The field of medicine is replete with evocative images and processes. These occur in everyday clinical practice, in small actions as well as pronounced issues of life and death. Healthcare practitioners can be moved in aesthetic ways. However, the capacity for awareness of aesthetic experience may be suppressed in clinical practice where the positivist objective evidence base has primacy. Bureaucracy, technology, financial restraints, and high workloads may also detract from space to notice the aesthetic dimension in the human encounter in care. Aesthetic experience has been linked with values in different contemporary fields and could also be important in health care.

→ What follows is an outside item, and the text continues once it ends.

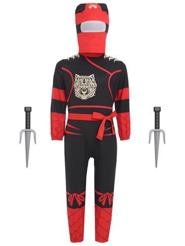 Manyakai Unisex Kids Halloween Dragon Tiger Ninja Cosplay Jumpsuit Outfits Dress Up with Headwear and Ninja Knife Red 5-8 Years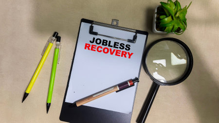 Concept of Jobless Recovery write on paperwork isolated on Wooden Table.

Whilst the word ‘aesthetics’ has several meanings, in this section it is taken from its Greek origins and will relate to sense perception. The imaginative dimension that arises during immersive participation will also be included. ‘Aesthetic experience’ also embraces human sensibilities, emotions, the tacit, haptic, pre-reflective, and the embodied. Awareness and articulation of this complexity may extend beyond words and only be fully realized during experiential practice itself.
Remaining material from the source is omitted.